Task description
Leaving out every picture, copy the lines of the data exactly, from the first through the line containing "Multi-branched subshrub, able".

***

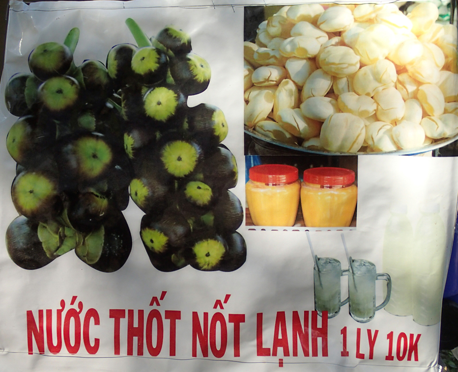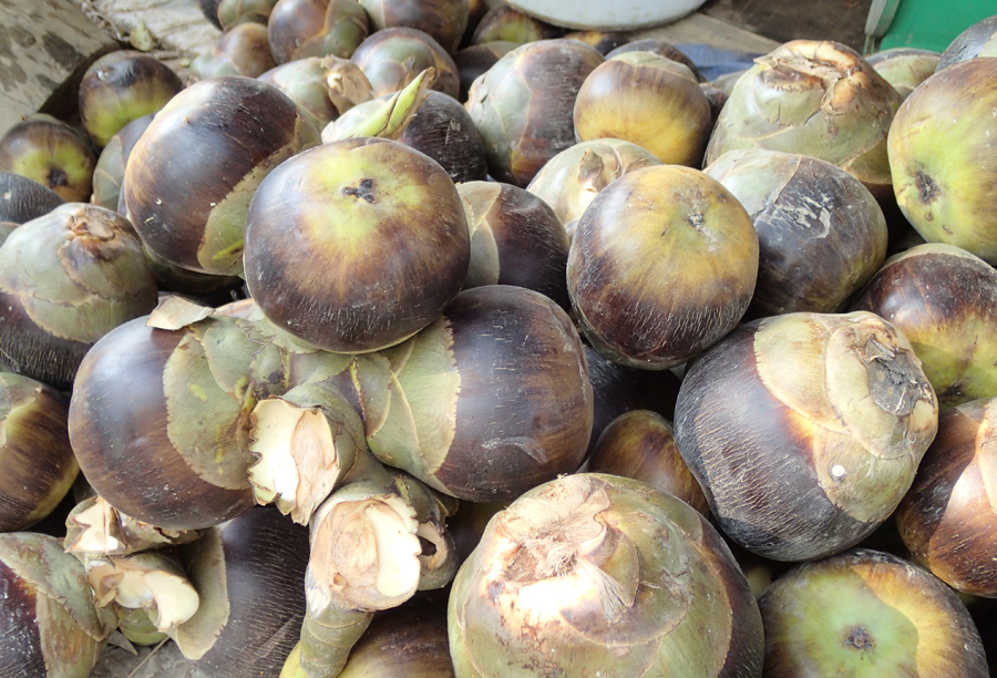 Пока возвращались к своей лодке, заметили новую еду — palm fruit. Фрукт по виду похож на маленький темный кокосовый орех.
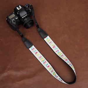 - カメラストラップ コットン マルチカラー 白系 アジアン cam-in カムイン CAM7575 おしゃれ 一眼レフ 斜めがけ ロープ 手首 かわいい
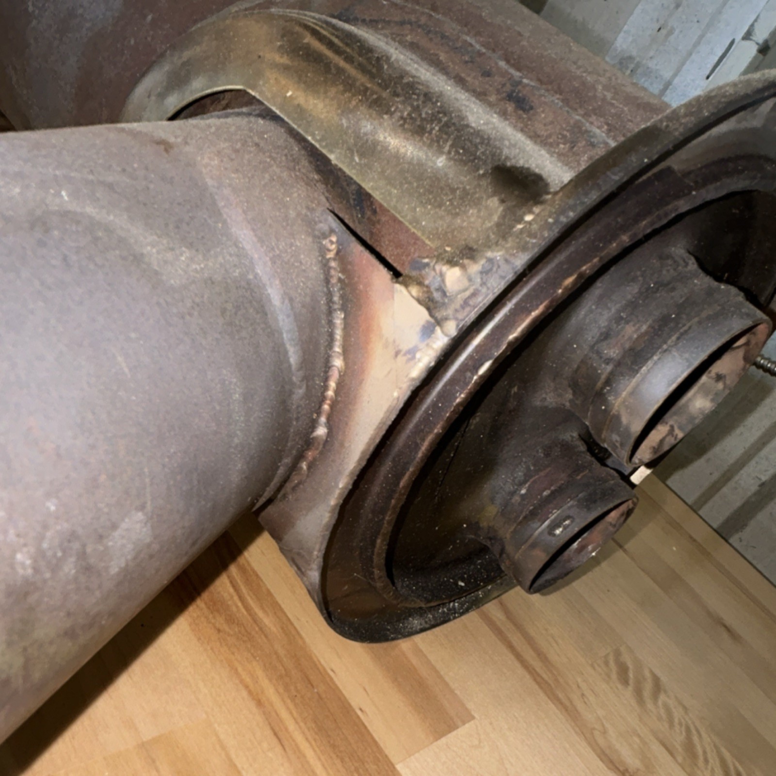 No paper work in repairable condition small crack extending from tailpipe mounting bracket no other damage noted.
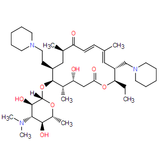 Smiles O=C(/C=C/C(C)=C/[C@H](CN1CCCCC1)[C@@H](CC)O2)[C@H](C)C[C@H](CCN3CCCCC3)[C@H](OC4[C@@H](O)[C@@H](N(C)C)[C@H](O)[C@H](C)O4)[C@@H](C)[C@H](O)CC2=O
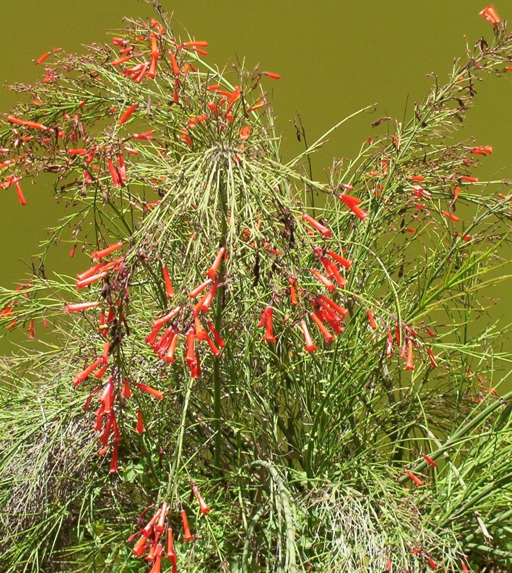 Multi-branched subshrub, able to grow up to about 1 - 15 m tall and with a spread of 2 - 4 m wide leaves are reduced to small scale-like leaflets, bright green, ovate to elliptic, measuring about 85 - 15 mm long by 6 - 9 mm wide flowers Slender, bright red, tubular flowers measuring about 25 cm long, borne on the tip of branches resembling firecrackers, usually in 1 - 3 flowered clusters Fruit is dry, brown capsule, oval or globose in shape and measuring about 3 - 6 mm wide
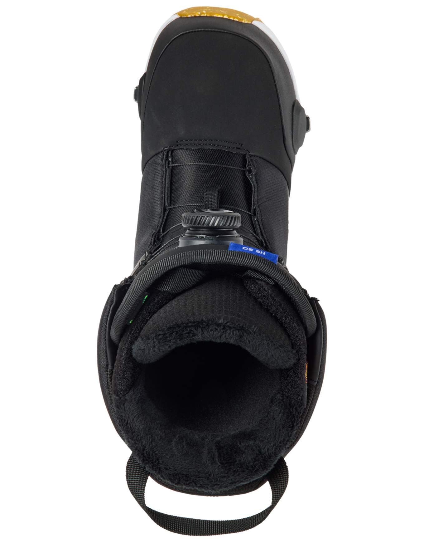 Boots de snowboard Burton Highshot Step On Wide Black homme : système Step On® sans boucles, flex moyen, chausson thermoformable et semelle caoutchouc recyclé pour performance tout-terrain et ajustement large.
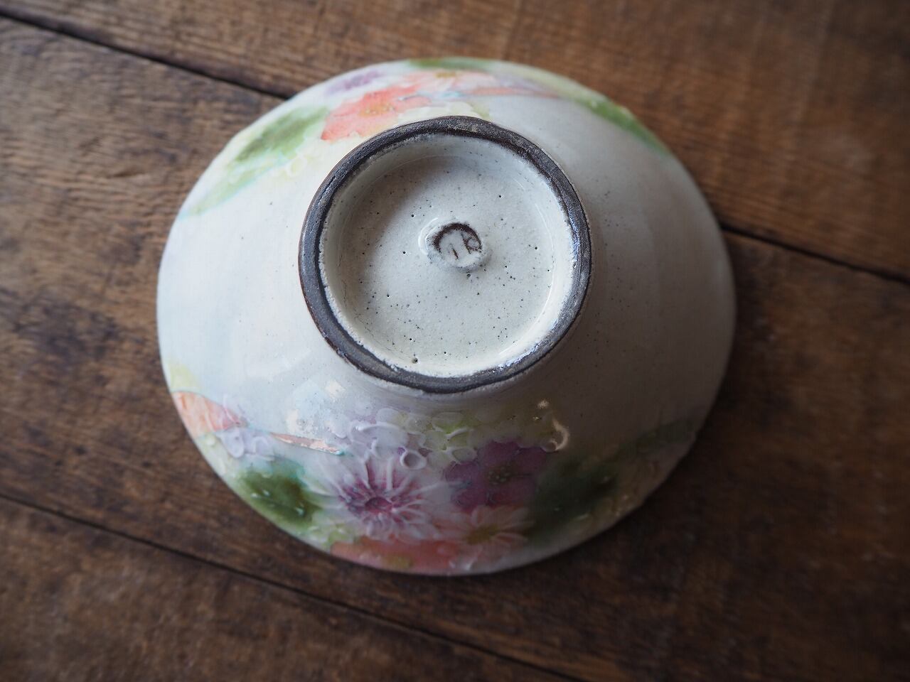 野村晃子 楕円小鉢【くれない色のブーケ】
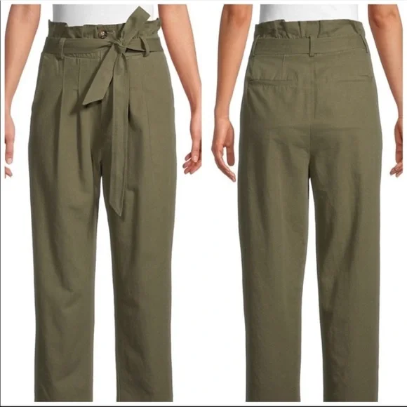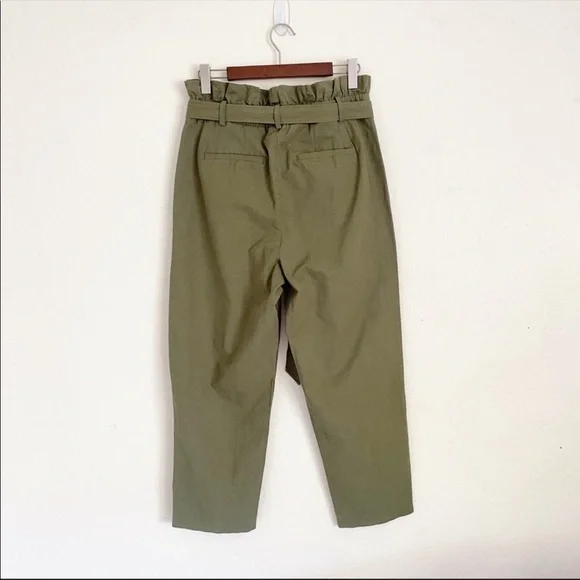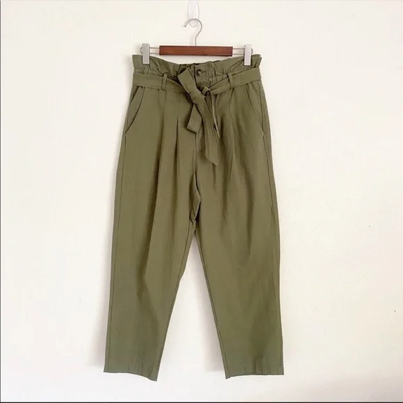 Made of light, breathable cotton twill fabric, the Paperbag Pant features a waist-nipping 13" rise, a ruffled waistband with a removable tie-front belt, handy side pockets, easy pleat detailing, and a relaxed wide leg. All you have to do is add your favorite crop top and voila—instant polish with a touch of attitude.High waistedElasticized waist with self tie Zip and button closure 4 pocket designankle length Size MBrand new with tagsPerfect for fall

***

Task response
 Пока возвращались к своей лодке, заметили новую еду — palm fruit. Фрукт по виду похож на маленький темный кокосовый орех.
 - カメラストラップ コットン マルチカラー 白系 アジアン cam-in カムイン CAM7575 おしゃれ 一眼レフ 斜めがけ ロープ 手首 かわいい
 No paper work in repairable condition small crack extending from tailpipe mounting bracket no other damage noted.
 Smiles O=C(/C=C/C(C)=C/[C@H](CN1CCCCC1)[C@@H](CC)O2)[C@H](C)C[C@H](CCN3CCCCC3)[C@H](OC4[C@@H](O)[C@@H](N(C)C)[C@H](O)[C@H](C)O4)[C@@H](C)[C@H](O)CC2=O
 Multi-branched subshrub, able to grow up to about 1 - 15 m tall and with a spread of 2 - 4 m wide leaves are reduced to small scale-like leaflets, bright green, ovate to elliptic, measuring about 85 - 15 mm long by 6 - 9 mm wide flowers Slender, bright red, tubular flowers measuring about 25 cm long, borne on the tip of branches resembling firecrackers, usually in 1 - 3 flowered clusters Fruit is dry, brown capsule, oval or globose in shape and measuring about 3 - 6 mm wide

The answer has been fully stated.